Leaving out the images, return the data below exactly as it is written.

* PROVIDED DATA
>>>>
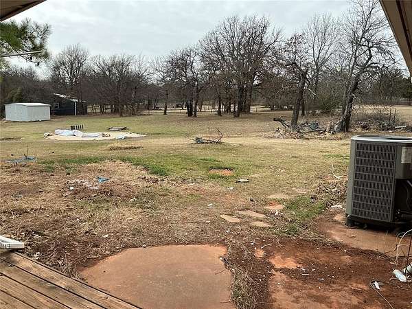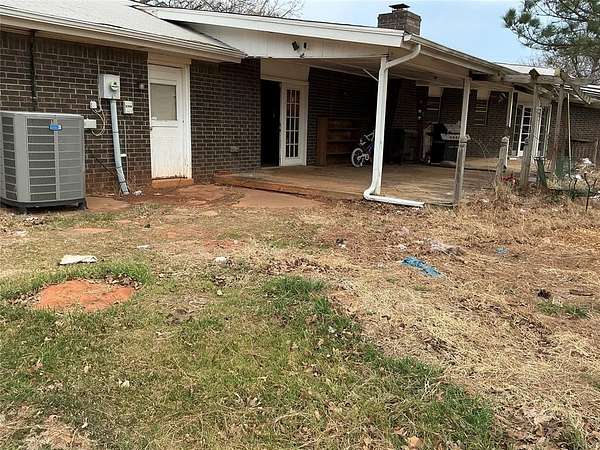 Country charm on nearly 3 acres with Endless Potential. This 4-bedroom, 2-bath brick home offers a spacious living room featuring built-in shelving and a wood-burning fireplace that creates a warm focal point. The kitchen provides generous cabinet storage, ample counter space, and a dining area that connects easily to the main living space. The primary bedroom features a walk-in closet and direct access to the backyard, while the additional bedrooms offer flexibility for family, guests, or a home office. Enjoy peaceful outdoor living from the large covered patio overlooking the open acreage with mature trees and plenty of room for a shop, animals or future improvements. Recent updates include a well water system replaced approximately two years ago, a new central heat/air pump installed in 2023, and two new toilets along with several updated faucets within the past year. The roof and siding were replaced in 2017 and include transferable warranties. This home offers solid bones and a functional layout, making it a great opportunity for buyers looking to add their own updates and personal touches. Property is being sold AS-IS With quick access to I-40, I-240, Tinker Air Force Base, downtown Oklahoma City, Midwest City, and Choctaw, this home offers both convenience and opportunity. Schedule your showing today!
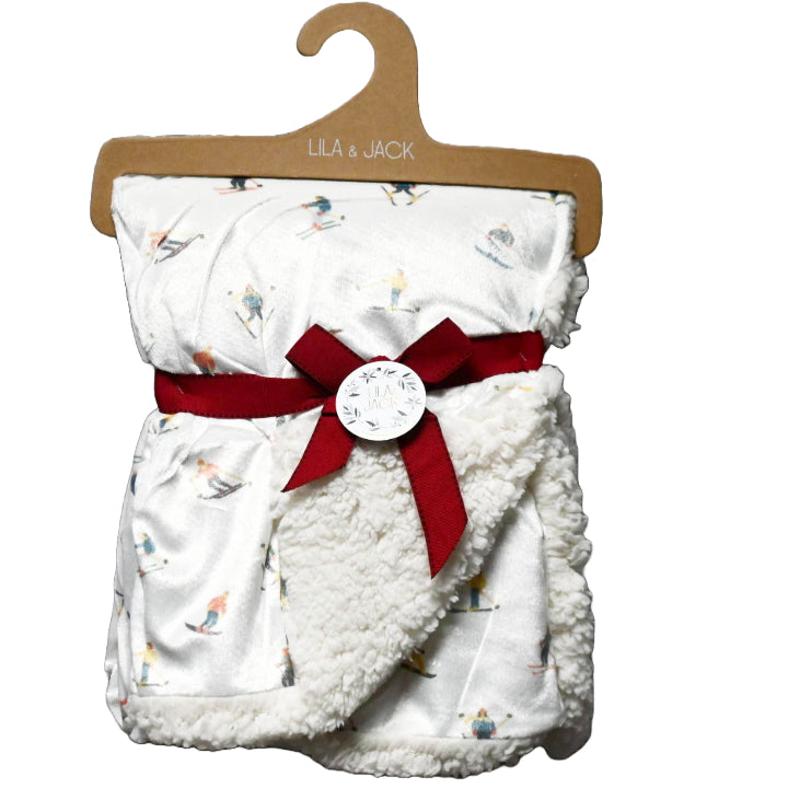 Wholesale 1pc 30x40" White Ground Skiers Print Mink/Sherpa Blanket C/P 48
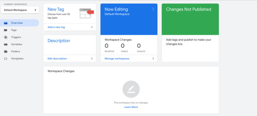 GTM 대시보드의 사이드바에 표시되는 기본 세 가지 레이블은 태그, 트리거 및 변수입니다.
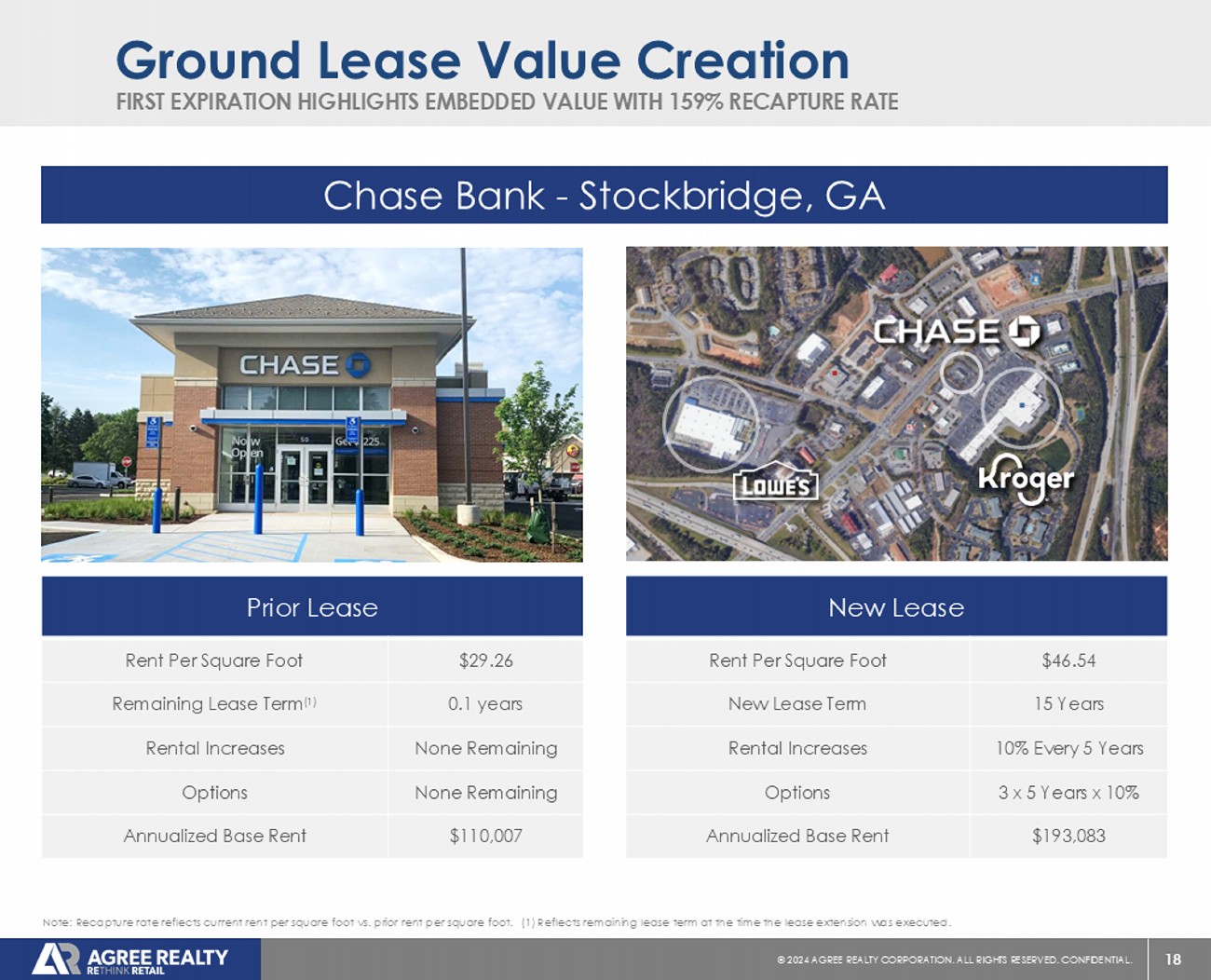 17 © 20 24 AGREE REALTY CORPORATION . ALL RIGHTS RESERVED. CONFIDENTIAL. 14% 12% 12% 6% 6% 6% 3% 3% 3% 3% As of September 30, 2024. (1) Refer to footnote 1 on slide 15 for the Company’s definition of Investment Grade. Any differences are a result of rounding. FEE SIMPLE OWNERSHIP + SIGNIFICANT TENANT INVESTMENT Ground Lease Portfolio Breakdown Ground Lease Credit Overview (%ABR) 87% INVESTMENT GRADE (1) 8% NOT RATED 5% SUB - INVESTMENT GRADE Ground Lease Portfolio Overview 223 Leases 10.9% of total portfolio ABR 9.8 years weighted - average lease term Top Ground Lease Tenants (% ABR)
<<<<
* RESPONSE AREA
 Country charm on nearly 3 acres with Endless Potential. This 4-bedroom, 2-bath brick home offers a spacious living room featuring built-in shelving and a wood-burning fireplace that creates a warm focal point. The kitchen provides generous cabinet storage, ample counter space, and a dining area that connects easily to the main living space. The primary bedroom features a walk-in closet and direct access to the backyard, while the additional bedrooms offer flexibility for family, guests, or a home office. Enjoy peaceful outdoor living from the large covered patio overlooking the open acreage with mature trees and plenty of room for a shop, animals or future improvements. Recent updates include a well water system replaced approximately two years ago, a new central heat/air pump installed in 2023, and two new toilets along with several updated faucets within the past year. The roof and siding were replaced in 2017 and include transferable warranties. This home offers solid bones and a functional layout, making it a great opportunity for buyers looking to add their own updates and personal touches. Property is being sold AS-IS With quick access to I-40, I-240, Tinker Air Force Base, downtown Oklahoma City, Midwest City, and Choctaw, this home offers both convenience and opportunity. Schedule your showing today!
 Wholesale 1pc 30x40" White Ground Skiers Print Mink/Sherpa Blanket C/P 48
 GTM 대시보드의 사이드바에 표시되는 기본 세 가지 레이블은 태그, 트리거 및 변수입니다.
 17 © 20 24 AGREE REALTY CORPORATION . ALL RIGHTS RESERVED. CONFIDENTIAL. 14% 12% 12% 6% 6% 6% 3% 3% 3% 3% As of September 30, 2024. (1) Refer to footnote 1 on slide 15 for the Company’s definition of Investment Grade. Any differences are a result of rounding. FEE SIMPLE OWNERSHIP + SIGNIFICANT TENANT INVESTMENT Ground Lease Portfolio Breakdown Ground Lease Credit Overview (%ABR) 87% INVESTMENT GRADE (1) 8% NOT RATED 5% SUB - INVESTMENT GRADE Ground Lease Portfolio Overview 223 Leases 10.9% of total portfolio ABR 9.8 years weighted - average lease term Top Ground Lease Tenants (% ABR)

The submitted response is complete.